На внутреннем фронте начальство СД все меньше тревожилось по поводу социальной революции и все больше опасалось сексуального взрыва, настолько, что в апреле 1944 г. даже составило особый рапорт об «аморальном поведении немецких женщин». По мнению его авторов из Главного управления имперской безопасности, проблема произрастала «из-за продолжительности войны» и того тревожного факта, «что значительное количество женщин и девушек все больше склонны предаваться распутству». По всей видимости, тон задавали жены выполнявших свой долг на фронте мужей, – в каждом городе и городке все знали пивные, куда ходили эти дамы ради встреч с мужчинами. Незамужние молодые женщины и девушки не отставали: СД отмечала рост процента беременностей и венерических болезней среди девиц в возрасте между 14 и 18 годами. Подобные вещи служили основополагающими причинами для отправки их в исправительные дома, и, как фиксировала СД, комитеты по делам молодежи во многих городах именно так и поступали. СД тревожилась и по поводу вступления немок в половые связи с иностранцами – умаление национальной чести даже при отсутствии нарушения расовых законов. Сотрудников безопасности волновали дети, брошенные на произвол судьбы «делать, что хотят», пока их матери занимаются любовью с первыми встречными, пусть даже и с немцами, в тесных подвальных апартаментах за тонкими перегородками – порой просто за ширмой. СД страшно беспокоило воздействие неверности жен на боевой дух мужей в армии
[884].
Вести с фронтов подтверждали обоснованность подобных страхов. Один солдат в артиллерийской части Курта Оргеля обратился к нему за советом после получения рушившего его жизнь письма от жены. «Побывки нет, – написала она. – Кто знает, когда ты приедешь? По всей вероятности, только после войны. Мне незачем ждать тебя. Могу иметь хоть четырех мужиков, если только захочу, в любой момент. Мне все надоело, я хочу этого прямо сейчас! В конце концов, я хочу иметь пару крепких парней – здесь и сейчас. Все, не знаю уже, что еще написать!»

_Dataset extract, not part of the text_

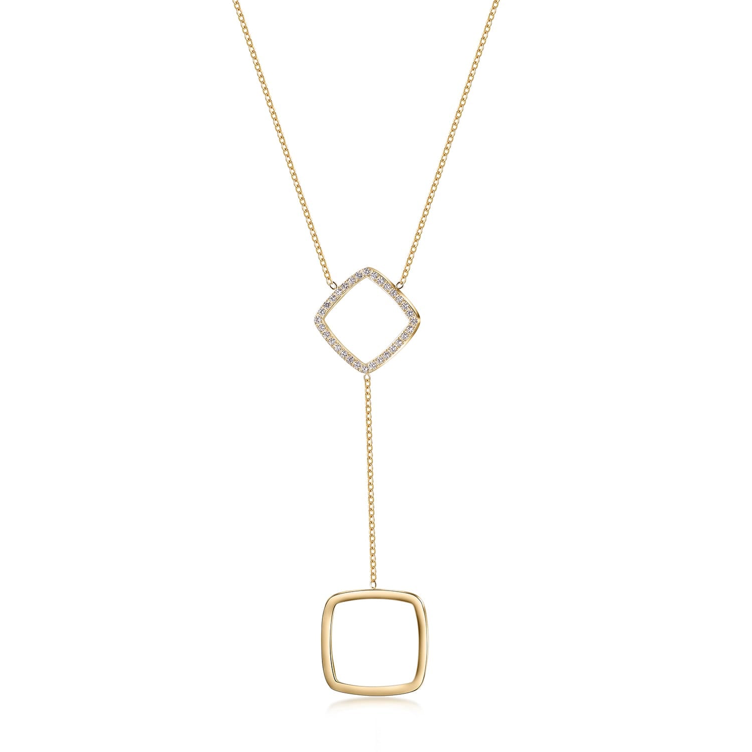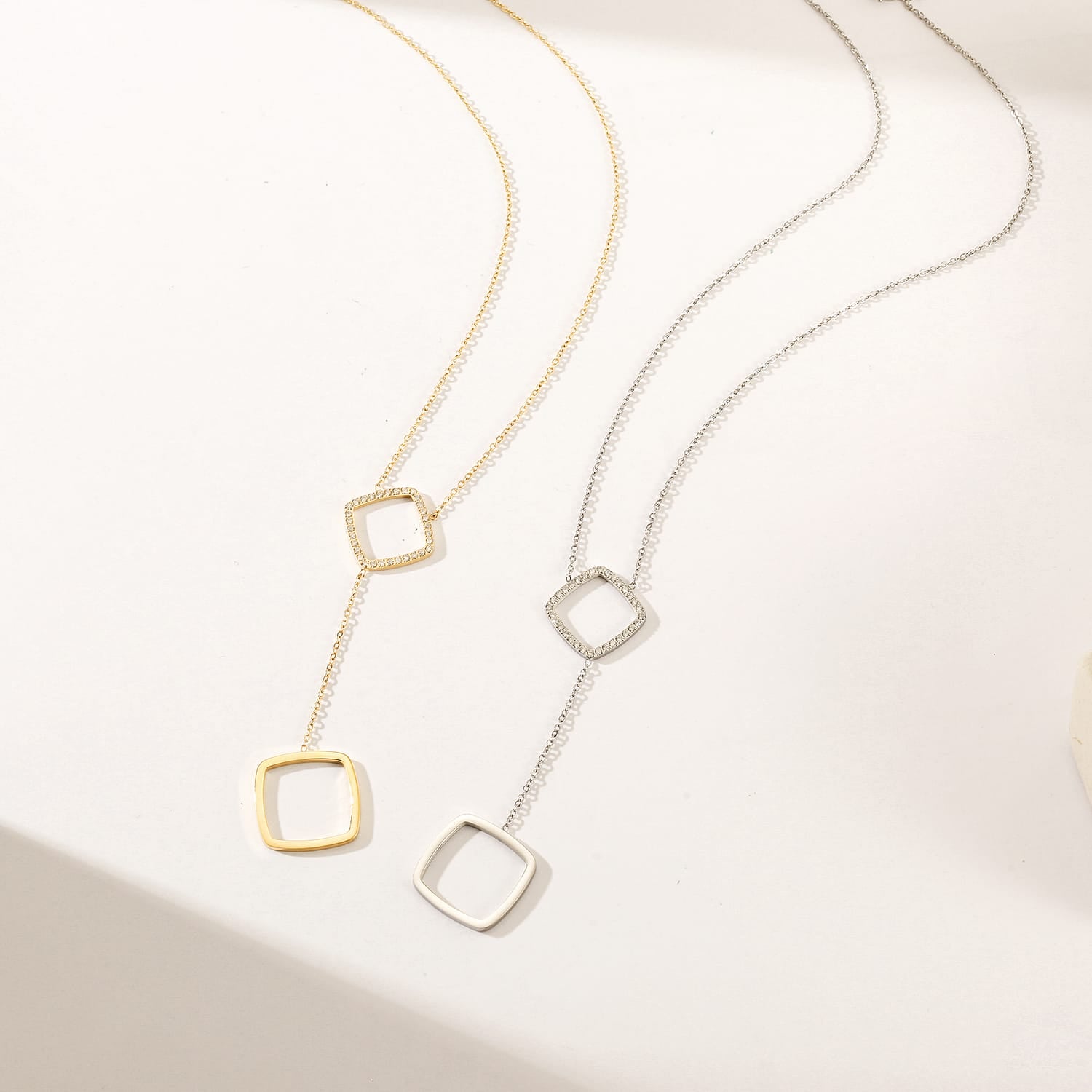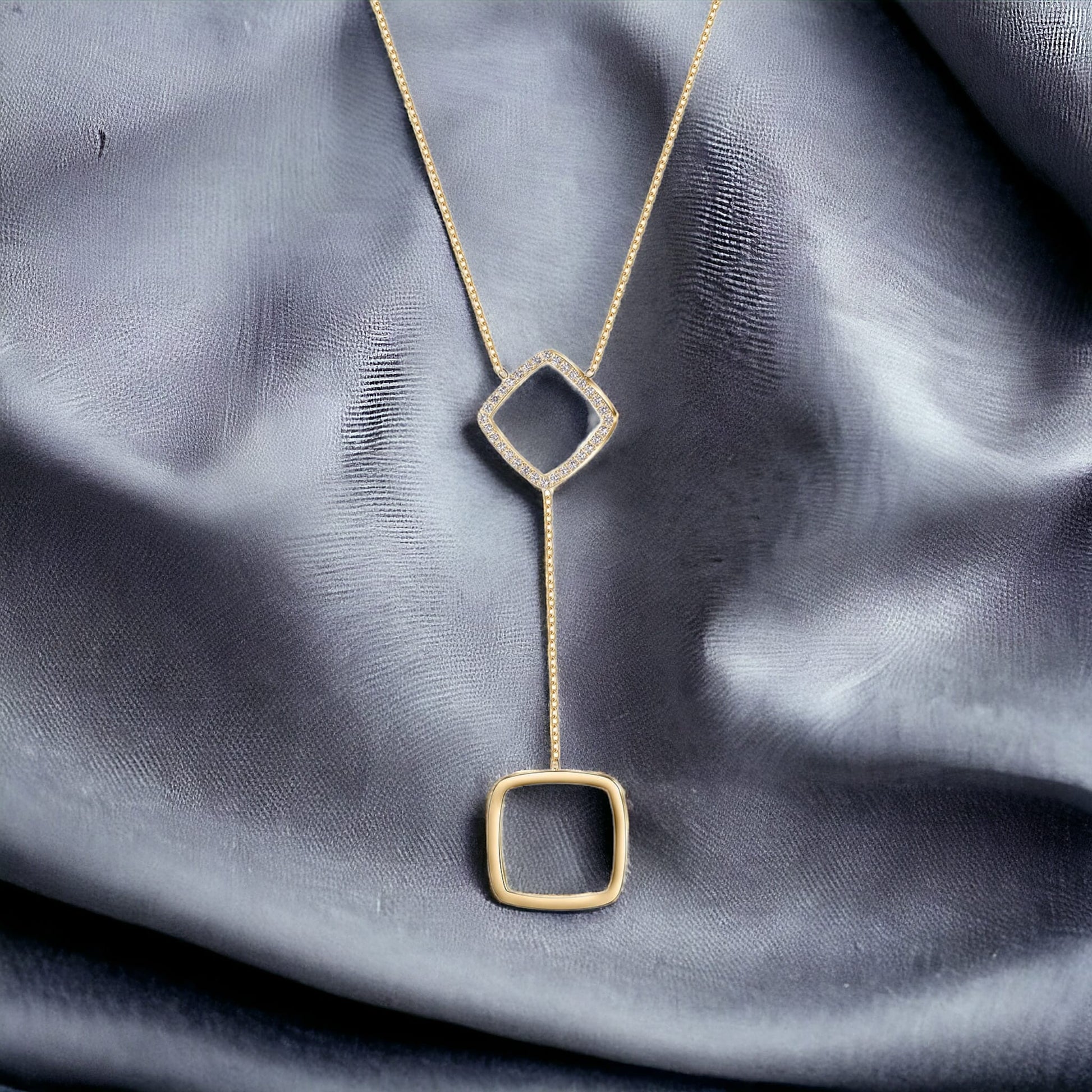 This is a luxurious and exclusive piece featuring open-framed squares and rectangles adorned with sparkling zirconia. A true delicacy, this dainty necklace exudes elegance and sophistication. Elevate your style with this stunning accessory. 18k gold plated steel .

Курт посоветовал солдату не пытаться удержать жену, а Лизелотте Пурпер написал: «То, чего мы требуем от него, он вправе ожидать от жены» – верности и стойкости. Однако Курт признавал факт: очень многие «военные браки» развалились, отчего само понятие вызывало циничные ухмылки и аллюзии. Курт спрашивал Лизелотту, что же так отличает их союз? Может быть, другие просто принимали сексуальное влечение за «настоящую, глубокую любовь»? Были ли другие пары слишком молодыми, или у них всего-навсего не оказалось достаточно времени узнать друг друга? Но он не задавался вопросом о том, насколько война изменила их с Лизелоттой отношения. Та недавно жаловалась, что последние шесть лет живет «точно монашка». Как она заметила, почти никто не спрашивал ее о муже. В 1944 г. даже ношение обручального кольца в Германии зачастую ничего не означало. «По всей вероятности, – предполагала она, – у большинства людей имелся скверный опыт и они предпочитали “не спрашивать”». Смерть и неверность все только осложняли
[885].
Хранители морального облика гражданок Германии из СД и католической церкви совпадали в женоненавистнических диагнозах сексуального беспорядка. СД призывала к отказу в выплатах «денег на поддержку семьи» солдатским женам, ведущим «распутный» образ жизни, призывала военнослужащих ради поддержания воинской чести не спать с женами товарищей. Сотрудники безопасности требовали от Министерства пропаганды «деэротизировать» прессу, радио и кино путем исключения песен с «эротическими» куплетами. Однако как нацисты, так и католические поборники морали блуждали в потемках и не знали средства для восстановления сдерживающих механизмов. Если отбросить их недовольство и огорчение по поводу «аморальности» по состоянию на начало 1944 г., общество все еще демонстрировало способность выдерживать напряжение и тяготы «тотальной» войны. Структуры его в большинстве своем работали, а ожидания и чаяния послевоенной жизни оставались скромными – сосредоточенными на поиске жилья, создания семьи или воссоединения с ней и выстраивания карьеры на личном уровне, в своем мире, куда однажды вернутся солдаты с фронта
[886].
СД отмечала еще одну проблему, возникшую отчасти из немецкого культа «знаков любви», а именно – поддерживаемой в народе традиции побуждать девочек-подростков писать письма и посылать бандероли незнакомым неженатым молодым солдатам. «Дорогая, незнакомая мне фройлейн Гизела! Вы, должно быть, совершенно удивитесь получением почты от незнакомого вам солдата и начнете ломать себе голову, откуда у меня взялся ваш адрес», – начиналось одно письмо в октябре 1943 г., направленное молодым подводником по имени Хайнц из далекой Норвегии Гизеле, проживавшей вместе с родителями девушке из Берлина. На протяжении целых четырех лет переписки они, по всей видимости, виделись один-единственный раз, когда в июне 1944 г. Хайнцу наконец дали отпуск. Однако в остальное время оба с нетерпением ожидали встречи, фантазируя на тему, когда и как это произойдет, а пока обмениваясь корреспонденцией и снимками. Ее фотографии он прикреплял к койке – единственному кусочку личного пространства, «чтобы всегда видеть тебя, когда встаю, и вечером, когда ложусь спать, мне надо видеть тебя. И тогда я думаю: “Сейчас Гизель тоже думает обо мне ”»
[887].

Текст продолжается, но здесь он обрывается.